We study the covariate shift problem in the context of nonparametric regression over a reproducing kernel Hilbert space (RKHS). We focus on two natural families of covariate shift problems defined using the likelihood ratios between the source and target distributions. When the likelihood ratios are uniformly bounded, we prove that the kernel ridge regression (KRR) estimator with a carefully chosen regularization parameter is minimax rate-optimal (up to a log factor) for a large family of RKHSs with regular kernel eigenvalues. Interestingly, KRR does not require full knowledge of likelihood ratios apart from an upper bound on them. In striking contrast to the standard statistical setting without covariate shift, we also demonstrate that a naive estimator, which minimizes the empirical risk over the function class, is strictly sub-optimal under covariate shift as compared to KRR. We then address the larger class of covariate shift problems where the likelihood ratio is possibly unbounded yet has a finite second moment. Here, we propose a reweighted KRR estimator that weights samples based on a careful truncation of the likelihood ratios. Again, we are able to show that this estimator is minimax rate-optimal, up to logarithmic factors.

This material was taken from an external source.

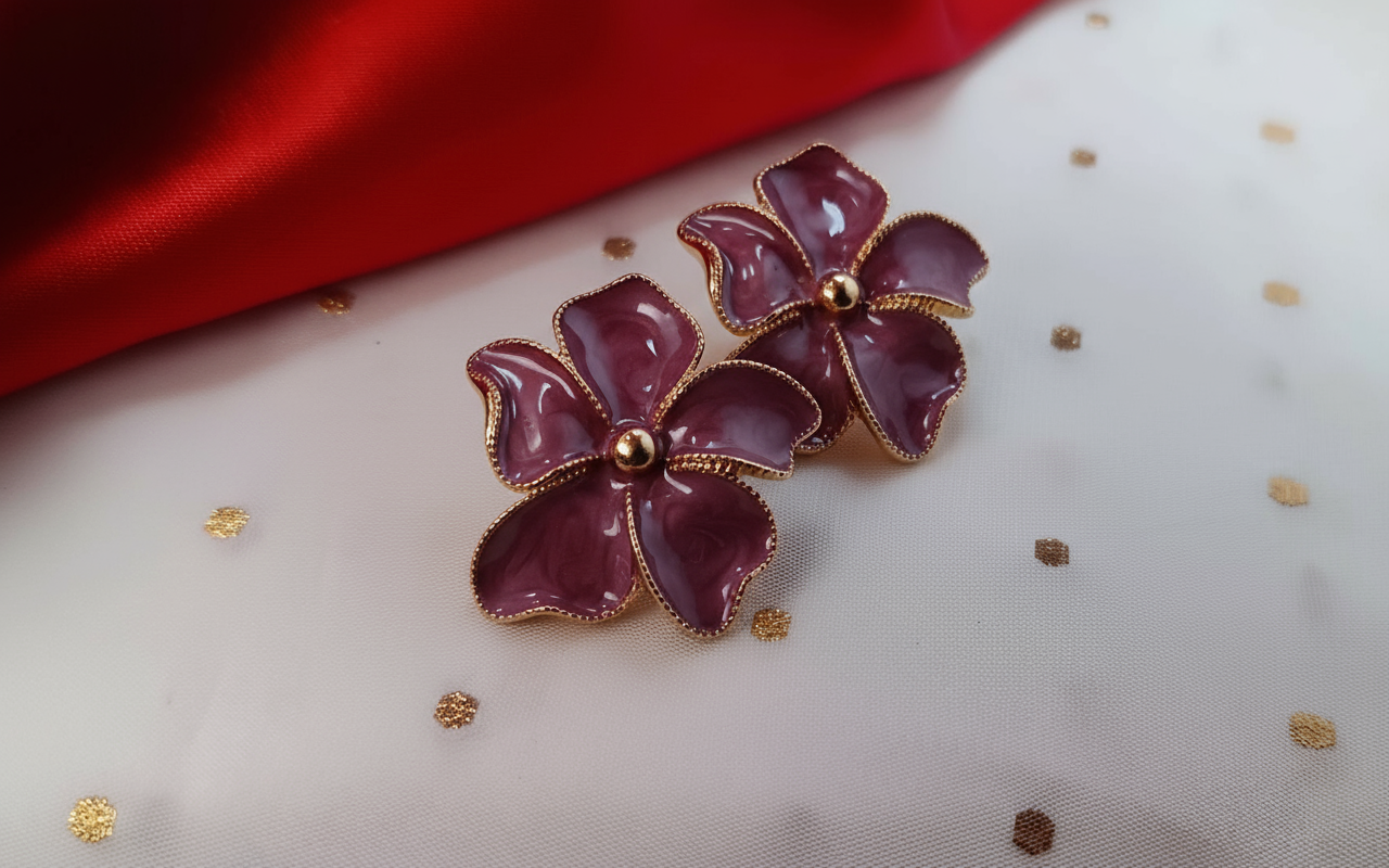 Elegant and mysterious, the Midnight Bloom Korean Floral Stud Earrings are designed for women who love subtle luxury. Featuring translucent charcoal-black floral petals with soft marble detailing, these earrings are finished with a delicate gold-tone outline and a polished golden center. The deep smoky shade paired with warm gold accents creates a refined contrast, making these studs perfect for evening wear, festive outfits, and modern ethnic looks. Inspired by flowers blooming under moonlight, the Midnight Bloom earrings offer a graceful blend of minimalism and glamour. The glossy resin petals catch light beautifully, while the intricate gold edging adds a couture finish. Lightweight and skin-friendly, they ensure comfort without compromising on style.

翻译：我们研究了再生核希尔伯特空间（RKHS）中非参数回归背景下的协变量偏移问题。我们聚焦于通过源分布与目标分布之间的似然比定义的两类自然协变量偏移问题。当似然比一致有界时，我们证明：对于具有正则核特征值的大类RKHS，采用精心选择正则化参数的核岭回归（KRR）估计量在极小化极大意义下达到最优率（至多相差一个对数因子）。值得注意的是，KRR仅需知道似然比的上界而无需其全部信息。与无协变量偏移的标准统计情形形成鲜明对比，我们进一步证明：在协变量偏移下，直接最小化函数类经验风险的朴素估计量严格劣于KRR。随后我们处理似然比可能无界但具有有限二阶矩的更广协变量偏移问题。针对此情形，我们提出一种基于似然比精细截断的样本加权重权重KRR估计量。我们再次证明该估计量在极小化极大意义下达到最优率（至多相差对数因子）。